Also, was kannst Du ihm denn an Bauteilen überlassen? Auf jeden Fall Gehäuse?

Es ginge auch so was wie der AMD-PC in dem oben genannten Artikel, als Board kann man ein günstigeres nehmen, und bei der Grafikkarte wie gesagt auch eine AMD 6770, dann reicht auch ein kleineres Netzteil.


----------



## svd (11. Juli 2012)

Wenn es wirklich so günstig als möglich sein soll, empfiehlt sich trotzdem ein Intel System.

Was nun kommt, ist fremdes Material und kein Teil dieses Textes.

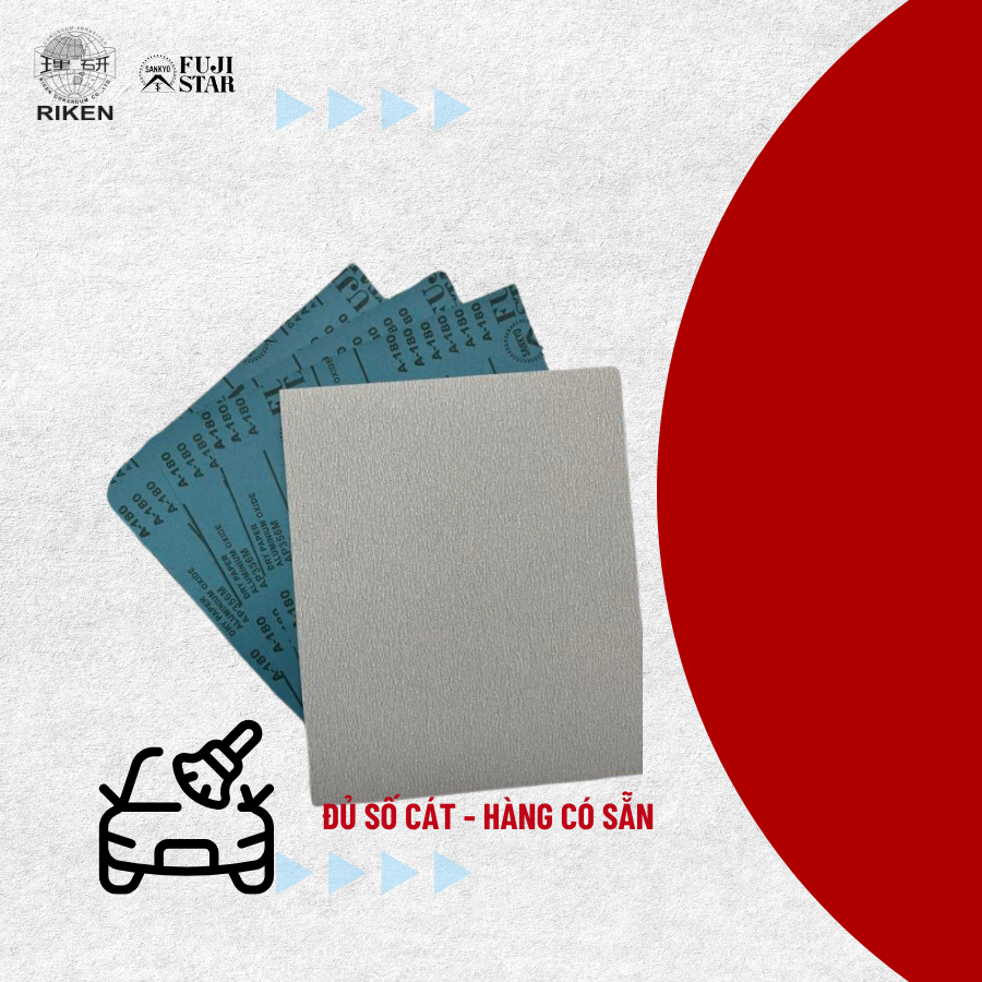 Giấy nhám Hãng Fujistar Sankyo, Nhật Bản, kích thước 230mmx280mm. Được sản xuất theo công nghệ Nhật Bản, là loại giấy nhám phổ biến nhất trên thị trường Việt Nam, chất lượng tốt và giá thành rẻ. Có thể mài ở môi trường khô và nước. Phù hợp với mọi chất liệu.

Der "Pentium G630" ist ein sehr feiner Arbeitsprozessor. Mit der richtigen Grafikkarte schafft dieser Doppelkerner, siehe hier, auch Battlefield 3 (SP) auf Ultra... (Sorry, "schwächer" geht es für unter 55€ echt nicht.  )

Dazu ein zB simples µATX Board (hoppla, falls WLAN "Karte" auf notwendigen Slot achten!) für knapp 40€ und günstigen DDR3 RAM für 33€ (es reichen aber auch 4GB für <18€).

Noch ein günstiges Netzteil (40€), als Grafikkarte eine gebrauchte HD5770 für 50€ ersteigern, oder, wenn es das Budget zulässt, sogar eine HD6870.

Wären wir ca. bei 200-220€, bleiben knapp 200 für Gehäuse, Festplatte und Laufwerk. Das müsste sich locker ausgehen.


----------



## hell046 (15. Juli 2012)

Hört sich schonmal ganz gut an. 

Vielleicht solle ich den Preisraum nochmal etwas eingrenzen. Sagen wir mal 300€. Was würde man damit nach meinen Vorgaben am besten zusammenstellen können. Ich fände ein normales Atx Mainboard garnicht mal schlecht aber wenn man da auch ein kleineres bekommt das gut ist ist mir das auch recht. 

Warum seid ihr gegen die AMD Prozessoren? Ich finde sie eigentlich recht günstig und sehr leistungsstark für den Preis.

Beim Netzteil wären konkrete Vorschläge auch sehr nett, da ich dort nie weiß was gut ist und ausreicht. Am besten mit Kabel Managment, da kann man den Innenraum im PC immer schön sauber halten und hat keinen Kabelsalat. 

Danke nochmal für die Vorschläge.


----------



## svd (15. Juli 2012)

Gegen AMD Prozessoren gibt es normal nichts einzuwenden. 
Derzeit bekommst du von Intel für das gleiche Geld mehr Leistung. Ist so. 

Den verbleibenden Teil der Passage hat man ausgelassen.